#### TO DO:
Once the pictures are set aside, transcribe the remaining data exactly.

#### PROVIDED DATA:
»»
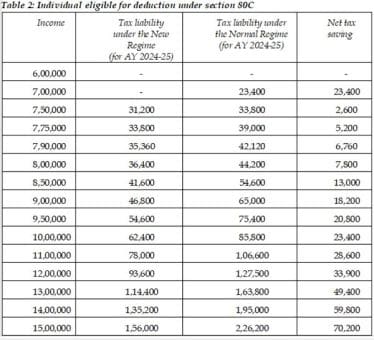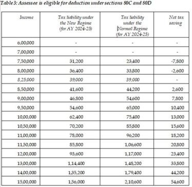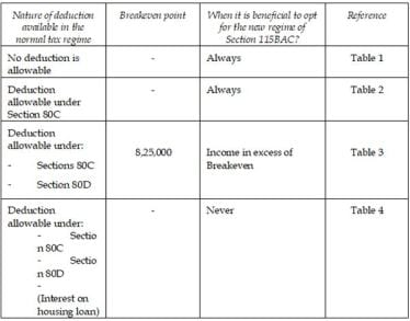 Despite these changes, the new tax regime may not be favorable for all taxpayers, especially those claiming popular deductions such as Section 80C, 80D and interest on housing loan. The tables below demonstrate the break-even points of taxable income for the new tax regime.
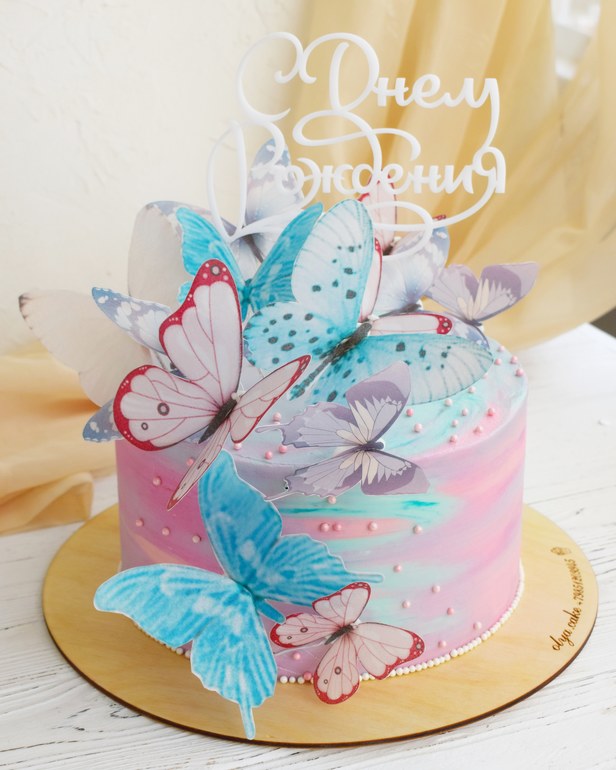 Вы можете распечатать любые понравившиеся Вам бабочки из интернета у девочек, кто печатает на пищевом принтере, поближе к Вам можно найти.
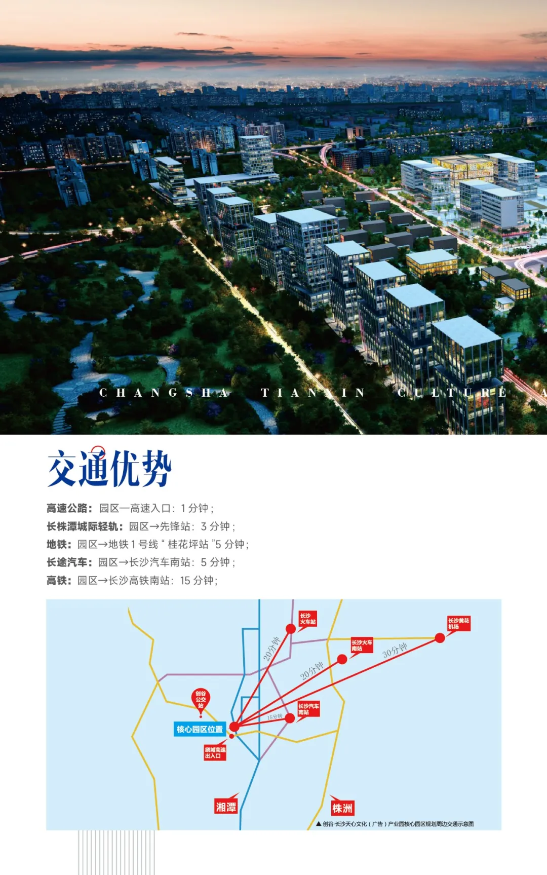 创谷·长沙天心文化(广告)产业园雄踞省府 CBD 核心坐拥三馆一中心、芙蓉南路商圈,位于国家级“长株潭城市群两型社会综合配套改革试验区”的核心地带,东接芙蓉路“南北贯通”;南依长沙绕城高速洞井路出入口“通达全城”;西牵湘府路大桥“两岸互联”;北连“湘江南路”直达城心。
««
#### WRITTEN ANSWER:
 Despite these changes, the new tax regime may not be favorable for all taxpayers, especially those claiming popular deductions such as Section 80C, 80D and interest on housing loan. The tables below demonstrate the break-even points of taxable income for the new tax regime.
 Вы можете распечатать любые понравившиеся Вам бабочки из интернета у девочек, кто печатает на пищевом принтере, поближе к Вам можно найти.
 创谷·长沙天心文化(广告)产业园雄踞省府 CBD 核心坐拥三馆一中心、芙蓉南路商圈,位于国家级“长株潭城市群两型社会综合配套改革试验区”的核心地带,东接芙蓉路“南北贯通”;南依长沙绕城高速洞井路出入口“通达全城”;西牵湘府路大桥“两岸互联”;北连“湘江南路”直达城心。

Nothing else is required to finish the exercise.